It's pretty easy to see that states 1 and 4, 2 and 5, and 3 and 6 are functionally identical. It gets less easy when you generate an NFA that has 200 states in it.
So how do we recognize when states are functionally identical?
My first stab was equivalent to trying to reassemble a broken ceramic sculpture by trying all the pieces and parts to see if they fit. It occured to me that testing a universe of disparate states for sameness was not going to be effective. If you have A->x->Z and B->x->Q, you can't tell if A and B are identical because at some stage in the process you may or may not have tested Z and Q for sameness.
It occured to me that it's easier to prove states are different than it is to prove they're the same.
The algorithm below starts off with all the states in a large group. We iterator over the states in the group, querying each for a 'signature' of it's transitions and such. We create new groups and put all states with the same signature in the same group. The signatures are not dependent upon only the states' transitions, but also on the destination group of those transitions. That is, S1->x->s10 and S2 -> x -> S9 look different. But if s10 and s9 are both in group 6, then signature(S1) could be something like "x->G7" and signature(S2) could be "x->G7". That's a match. S1 and S2 could be identical.
make a group G
for each state S
G.add(s), where this method includes
s.groupMember = G
while(the number of groups keeps changing)
for each group g
Regroup the states in g into g1, g2, ... gn
based upon signature(state). Whenever
adding a state to a group, we must
be sure to set s.groupMember = owningGroup
// All groups now contain only redundent states.
For each group G
make a new uber state S as a copy of any
associate S with G
// Change the references to the old obsolete
// states with the shiny new uber-states.
For each group G
for each of G's uberstate's transitions T
T.getDestination = T.getDestinationState.

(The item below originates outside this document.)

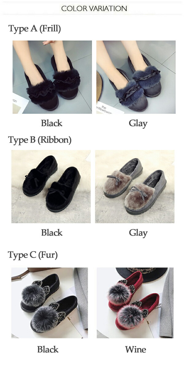 3A31 フラットファーシューズ裏起毛 靴 続々入荷中 37 38 39 40 Type A (フリル) ブラック Type A (フリル) グレー Type B (リボン) ブラック Type B (リボン) グレー Type C (ファー) ブラック Type C (ファー) ワイン Type C (ファー) グレー

startState = startState.getGroupMember.getUberstate
make a comparable representation of the transitions
and the group number of which the transition's
destination state is a member. If some state S has
transitions x->10, y->11, and z->12, and the groups
are grp#0 = (10 11) and grp#1 = (12), then the result
could be the (well delimited) "~x->0~~y->0~~z->1~"
Also add to the string if the state is stop state,
or any other identifying fact, such as the token
class to be produced by the state. For example
if two states are identical except one produces
a token class of A and the other produces a
token class of B, they aren't identical.
Two states that produce a different result can't
possibly be identical. Either they have different
inputs or the destinations fundamentally different.
Two states that do seem to be identical now could be
proven to be non-identical in a different iteration
of the loop.